American politician and lawyer from Arkansas (1840–1910)

John R. Thornton (February 14, 1840 – December 2, 1910) was an American politician and lawyer. A Democrat, he was a member of the Arkansas Senate.

Born in Alabama, Thornton moved to Arkansas in his youth. He settled in Camden, where he worked as a lawyer. During the American Civil War, he served in the Confederate States Army. He later served in the Senate, representing the 19th district from 1878 to 1886.

== Early life ==
Thornton was born on February 14, 1840, in Chambers County, Alabama, the son of William S. Thornton and Nancy S. (née Fielder) Thornton. He moved to Calhoun County, Arkansas with his father in 1845. He received a limited education from local schools. However, the Arkansas Gazette claims he was born in 1845 and moved to Arkansas when two months old.

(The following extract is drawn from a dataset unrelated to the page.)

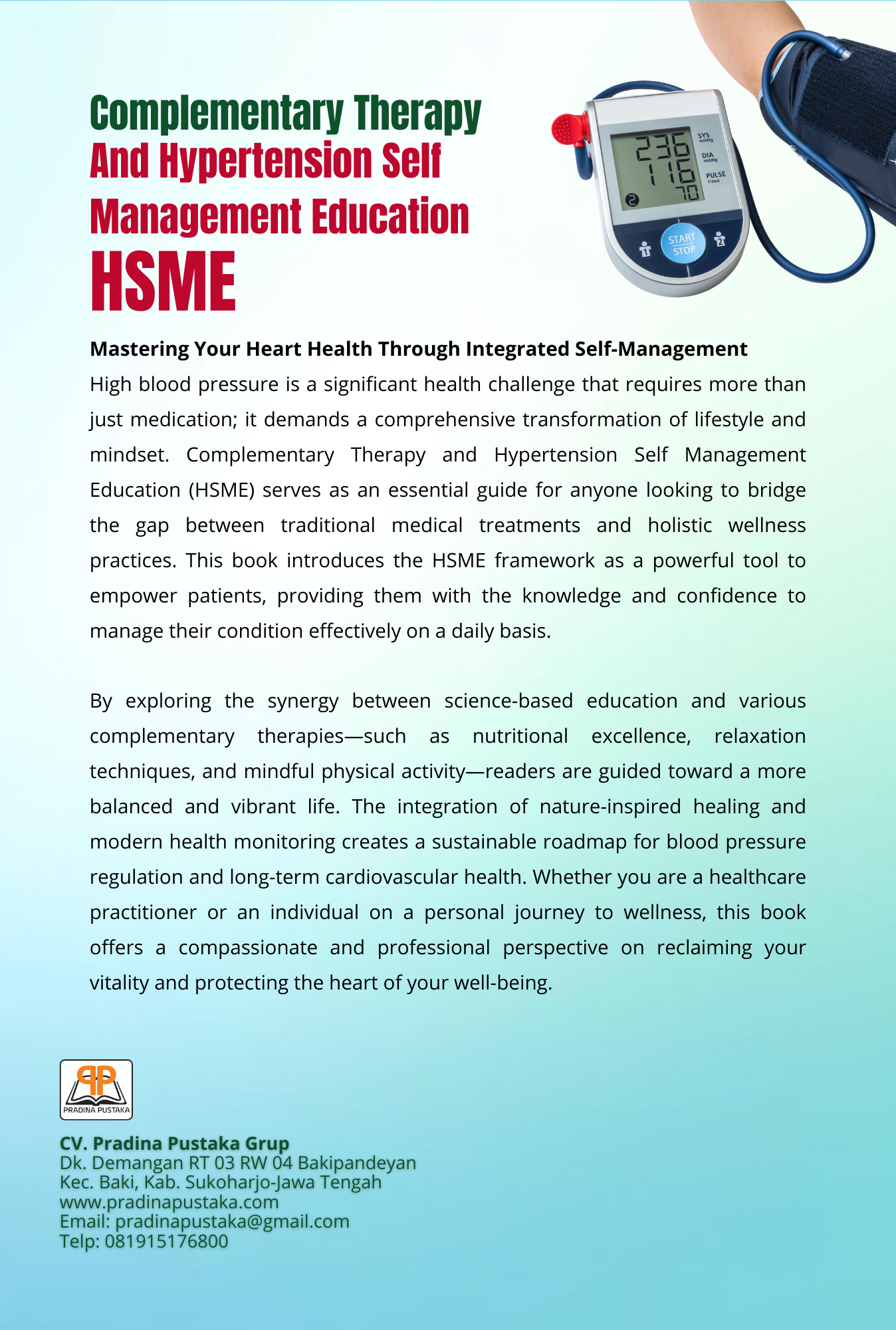 High blood pressure is a significant health challenge that requires more than just medication; it demands a comprehensive transformation of lifestyle and mindset. Complementary Therapy and Hypertension Self Management Education (HSME) serves as an essential guide for anyone looking to bridge the gap between traditional medical treatments and holistic wellness practices. This book introduces the HSME framework as a powerful tool to empower patients, providing them with the knowledge and confidence to manage their condition effectively on a daily basis.

From 1854 until 1860, Thornton lived in Ouachita County, where he worked as its "internal improvement commissioner". He began reading law in 1855, and in 1858, at age 18, was admitted to the bar, prior to reaching the age requirement: 21. The Arkansas General Assembly passed a bill lowering the age minimum to 18, so he could acquire his credentials. He was also a planter.

== Military service ==
In 1861, during the American Civil War, Thornton enlisted as a private in the Confederate States Army. He was later promoted to sergeant, followed by lieutenant, then brigadier general. He fought in military campaigns in Kentucky and Missouri under William J. Hardee. He served in the 6th Arkansas Infantry Regiment until 1863, being transferred to the 12th Regiment.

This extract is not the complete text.